Code:`for (sum=a[i][j], k=i-1; k>=0; k--) sum -= a[i][k];`

Thanks,

Marcus - 07-21-2011manasij7479Quote:

Is it initiated every single time or how does this work ??

- 07-21-2011arbitel
Can you explain more on that ? Sorry I am new to C++.

So would it be

Code:`for (k=i-1; k>=0; k--) {`

sum=a[i][j]

sum -= a[i][k];

}

Code:`sum=a[i][j]`

for (k=i-1; k>=0; k--) {

sum -= a[i][k];

}

- 07-21-2011AndrewHunter
And to programming.....whoever wrote this line of code was just being lazy and decided to keep everything on the same line. That line of code is equal to:

Code:

sum = a[i][j];

for(k= i-1; k > 0; k--){

sum = sum - a[i][k];

}

- 07-21-2011AndrewHunter
If you are new to for loops, take a look at cprogs tutorial on loops

- 07-21-2011arbitel
Thanks. The reason I was confused was because the sum=a[i][j] in the for loop. Usually for loop only has a intialization, condition and increment but not the first term. Anyways, thanks !

- 07-22-2011iMalc
It does. The trick is that these are separated by semicolons.

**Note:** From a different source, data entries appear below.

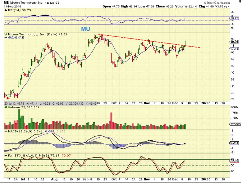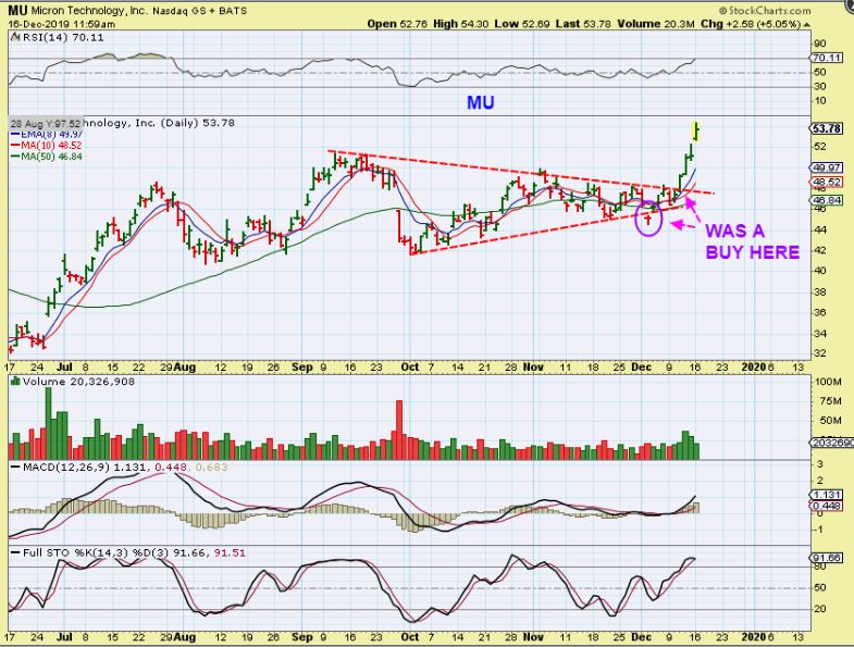 MU  – MU, TSEM, & AMD  were buys earlier in December. MU was an abandoned baby low and as it broke the down trend, so I posted this chart on Dec 11.  IF YOU TOOK THAT TRADE…
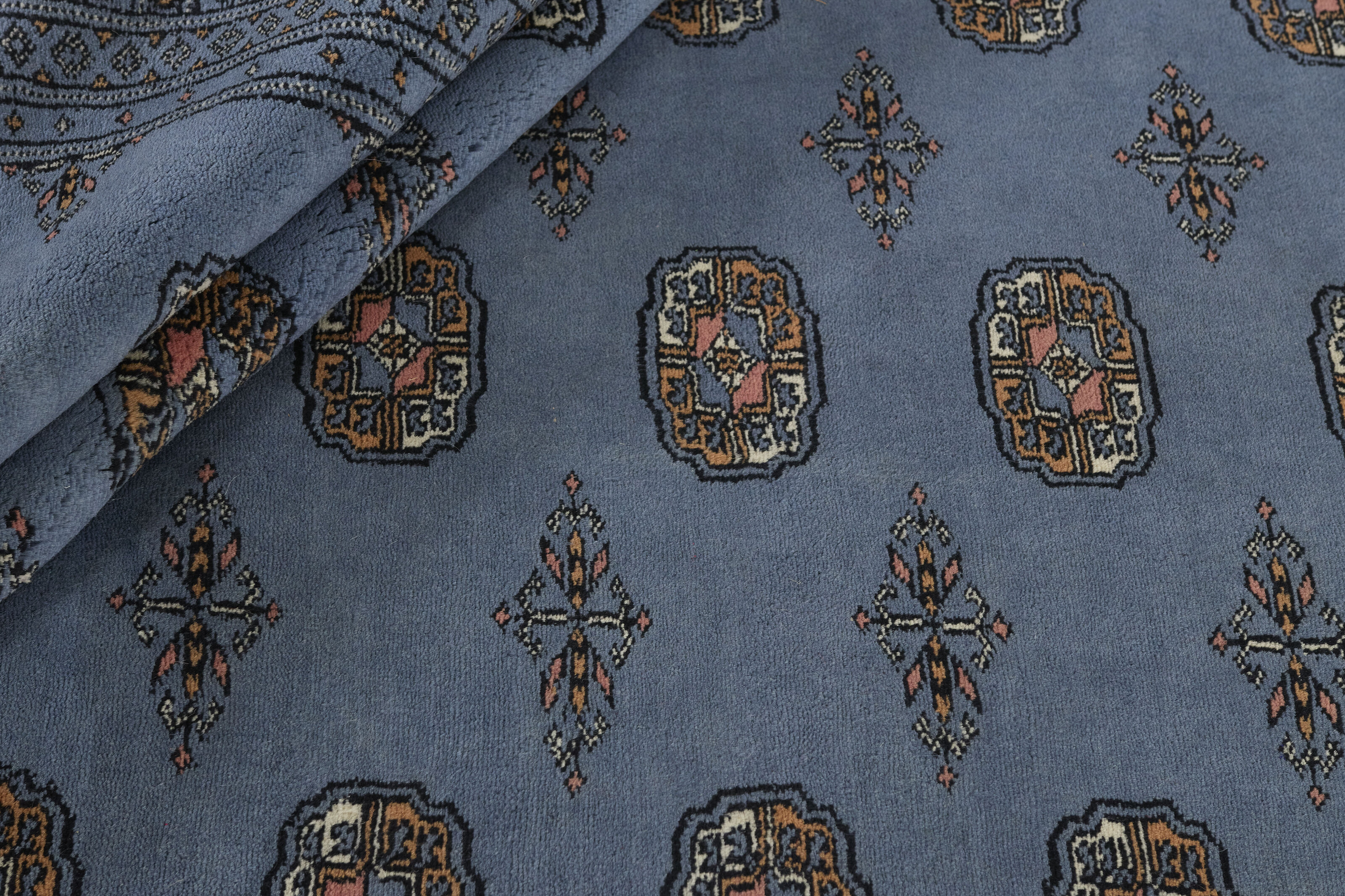 The 3-Ply rugs are produced in Lahore, Pakistan’s second largest city, which is also is the centre of the country’s hand knotted rug production. The rugs most often have the Tekke and Bokara patterns, which were originally inspired by patterns from Turkmenistan. The people of the Tekke Tribe, which was the largest nomadic tribe in Turkmenistan, were known as very industrious rug producers. The term Ply indicates the number of threads wound together to produce the yarn itself; 3-Ply thus guarantees that the yarn consists of three threads wound together. 3-Ply rugs appear thicker and softer than 2-Ply, as more wool is used to produce the rug. The quality of wool is particularly soft and shining, and the warm-coloured patterns are simple and harmonious.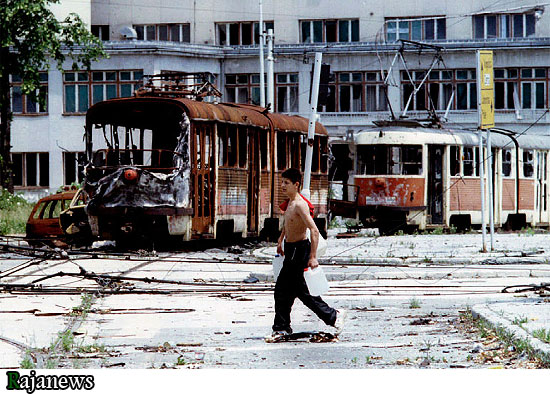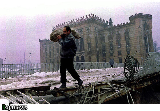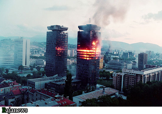 فروریختن برجهای دوقلو بر اثر توپخانه سنگین صرب ها در مرکز شهر سارایوو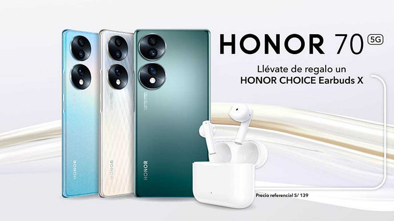 Precio y disponibilidad: El HONOR 70 está disponible en colores Cristal Platino, Verde Esmeralda y Escarcha Mística y por lanzamiento llega con los HONOR CHOICE Earbuds X de regalo. Si quieres conocer los lugares de venta así como el precio específico en cada uno de ellos, puedes visitar www.hihonor.com/pe
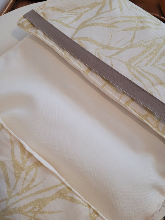 Couvre livre en tissu (livre broché) - Feuillage doré/écru/doré
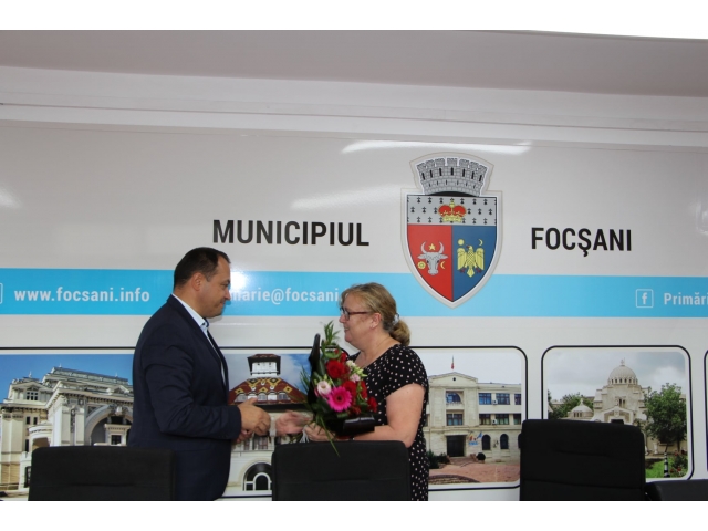 Au fost prezentate principalele proiecte ale municipalității cât și interesul pe care îl avem pentru atragerea de fonduri europene. Încântată de tot ce a văzut, doamna Tanya Collingridge ne-a spus la plecare că Focșaniul îi lasă impresia unui oraș boem, primitor și curat, cu oameni calzi și veseli.

The bit before the first semicolon runs once, at the beginning.

The bit between the semicolons is the continuation condition and it runs at the start of every loop.

The part after the second semicolon is the incrementing condition and is run at the end of every iteration of the loop.

What you had was two pieces of code in the initialisation part of the for-loop, which is possible when using the comma operator.